January 13, 2010 by Douglas A. McIntyre

The concern that the Japanese economy has reached a point of stagnation has grown recently as its fourth quarter GDP figures failed to show a substantial recovery. More analysts have questioned the power of Japanese government programs to stimulate economic activity when exports are being hurt by a slow recovery in much of the West and Japanese unemployment is high by historic standards.

Germany can be added to the list of large nations which may not be able to sustain a recovery in 2010.

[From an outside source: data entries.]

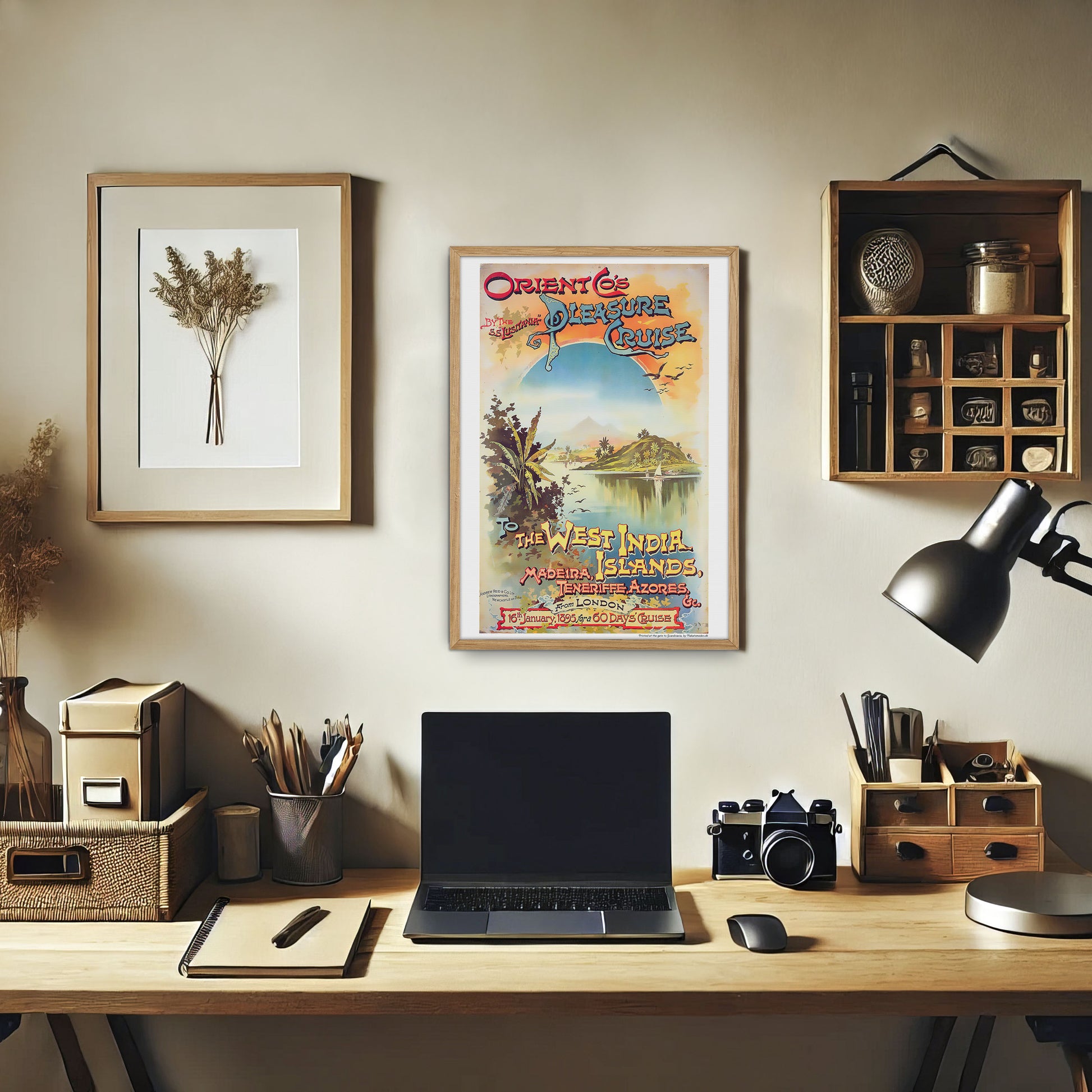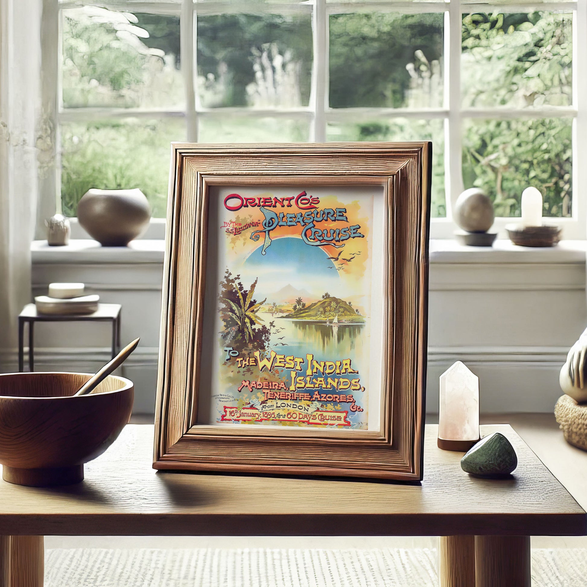To The West India Islands, Madeira, Teneriffe, Azores &c poster brings a touch of vintage elegance to any collection. Originally created to promote the Orient Line's luxurious cruise offerings, the poster advertises a delightful voyage by the SS Lusitania to the West India Islands, Madeira, Tenerife, and the Azores. The original was vibrant lithograph, printed in twelve colors, features a serene tropical landscape, enticing travelers with the promise of exotic destinations and unforgettable adventures.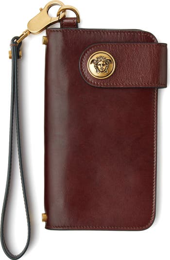 This long wallet in calfskin leather features a 3D Medusa snap and removable wrist strap and is designed to accommodate a phone.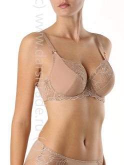 Бюстгальтер с мягкой чашкой, на каркасах. Выполнен из неэластичного трикотажа на чашках для уверенной поддержки, эластичного кружева с элегантным рисунком. Чашка с тройным диагональным членением идеально группирует грудь к центру. Упругие пластины в боков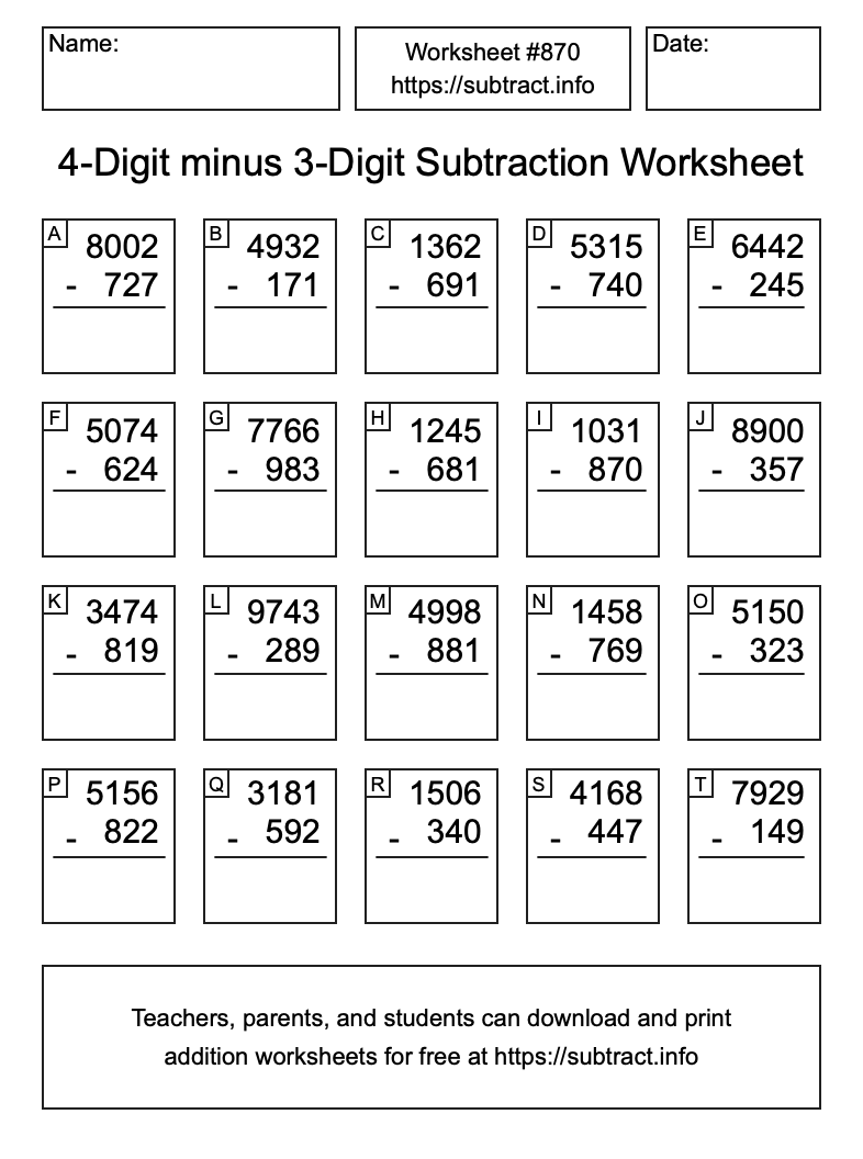 Here is the 4-Digit minus 3-Digit Subtraction Worksheet #870. Print and/or save the worksheet using the buttons below the image. You can also drag or right-click on the image to download it to your device.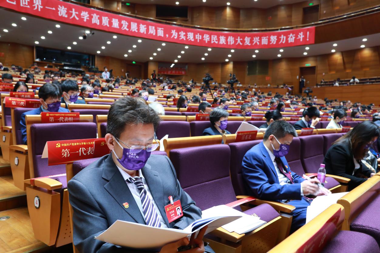 邱勇代表中国共产党beat365官方唯一入口第十四届委员会作题为“牢记嘱托、乘势而上,努力开拓中国特色世界一流大学高质量发展新局面”的报告。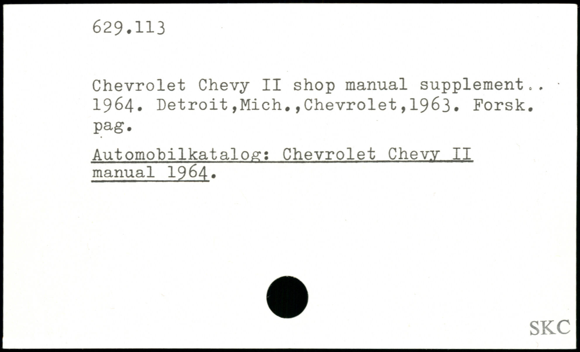 Chevrolet Chevy II shop manual supplement.. 1964.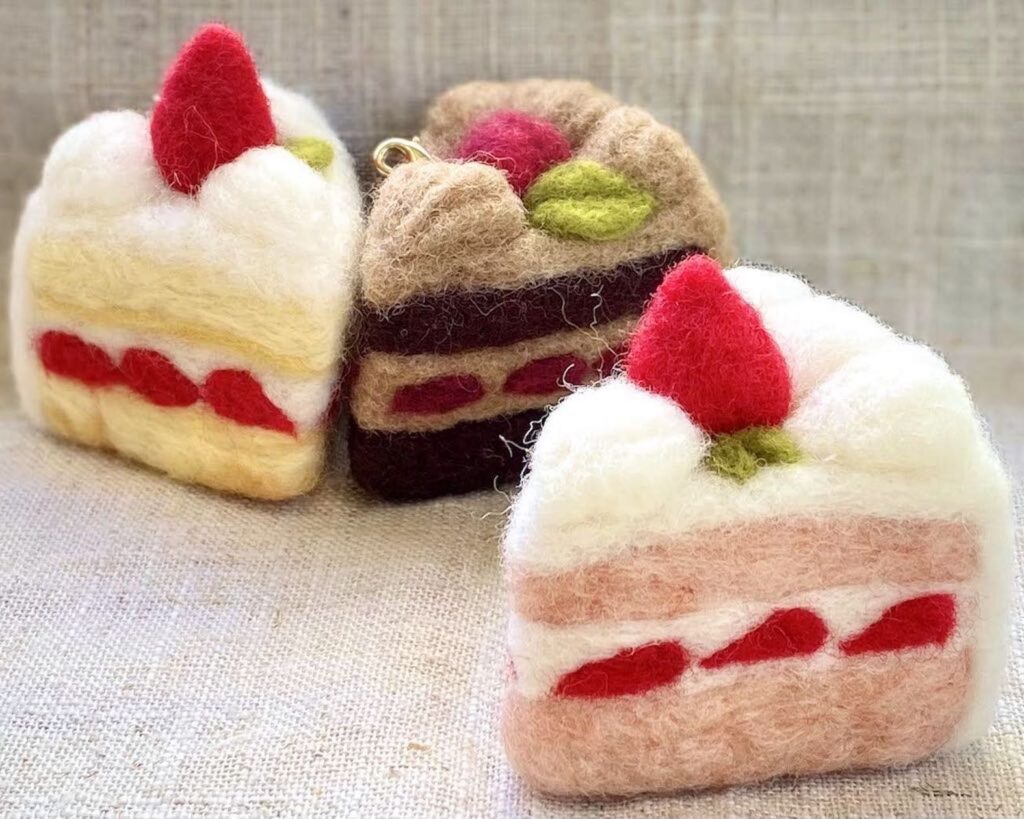 羊毛フェルトレッスン、11月のスイーツコースは、色が選べるケーキのバッグチャーム。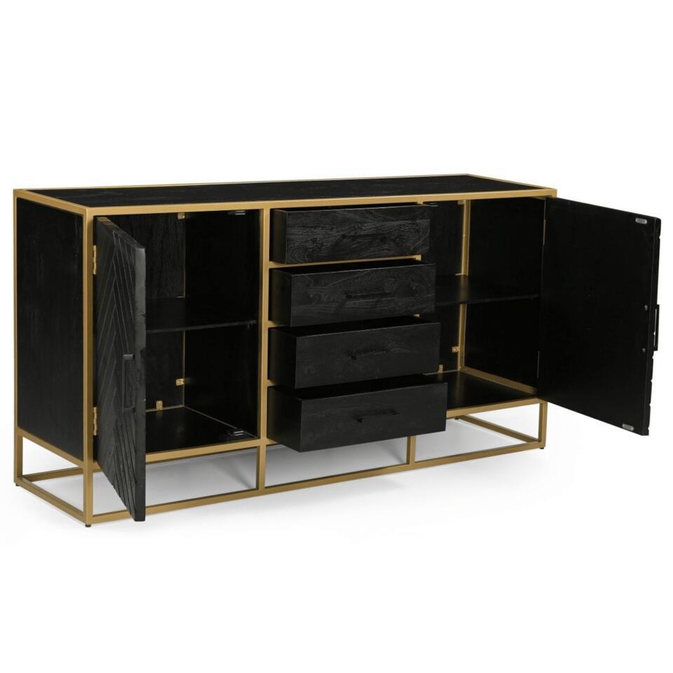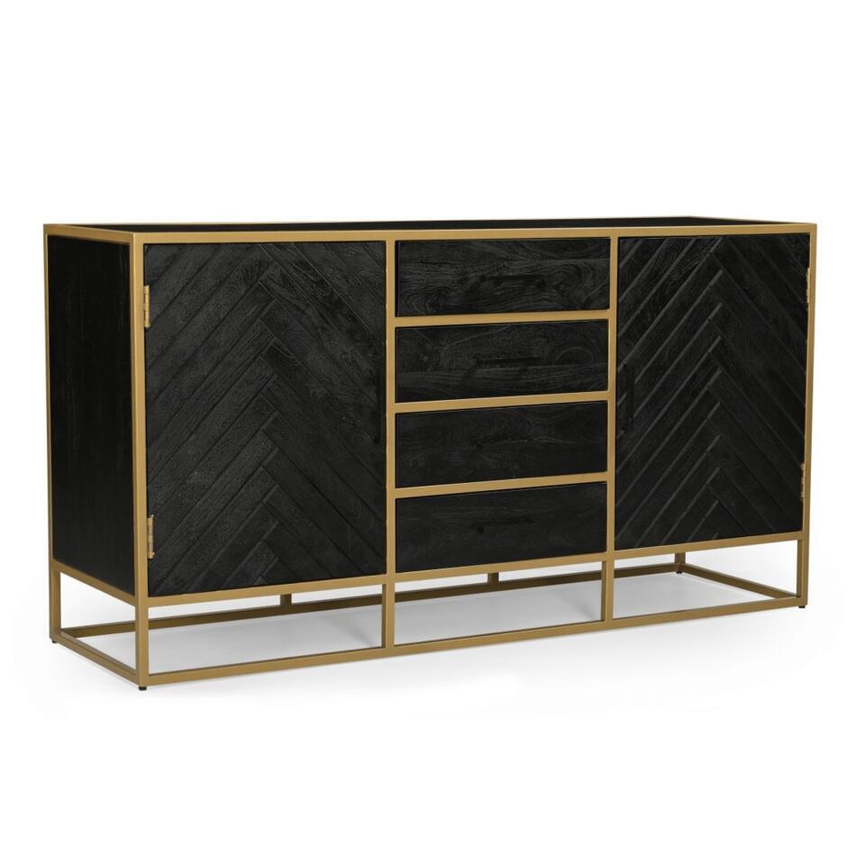 Het mangohout is massief en is eerst gezandstraald, waarna het behandeld wordt met zwarte verfbeits en tenslotte wordt afgewerkt met een donkere, natuurlijke bijenwas om het hout te beschermen tegen vocht, vuiligheid en kringen. Het frame en de handgrepen zijn gemaakt van goudkleurig gepoedercoat metaal.

Germany was the largest exporter in the world until it gave up that distinction to China in 2009. The German economy has been slowed by low demand for its manufactured goods. The government announced today that GDP in the country dropped by 5% last year. Perhaps of greater concern is the belief that Q4 GDP did not move up at all. The Wall Street Journal reports that “Destatis (the German statistics bureau) didn’t give a formal estimate for GDP in the fourth quarter, but the figures appear to suggest that the economy’s momentum weakened significantly, after growing by 0.4% and 0.7% in the second and third quarters of last year.”

The report from Germany shows that stimulus activity on the part of governments cannot offset a sharp drop in exports, high unemployment, and a rapid contraction in consumer spending. The German economy appears to be entering a period of little growth, or perhaps modest contraction,–a classic double-dip recession.

Economic problems in the US bear a similarity to those in Germany. Unemployment and consumer spending are not improving. US exports have increased, but not to the healthy level they enjoy during rapid economic expansion.

A second recession among developed nations may have begun to take hold at the end of last year and could ruin the hopes that 2010 would be the end of the most troubled period in the economic history of the last eight decades.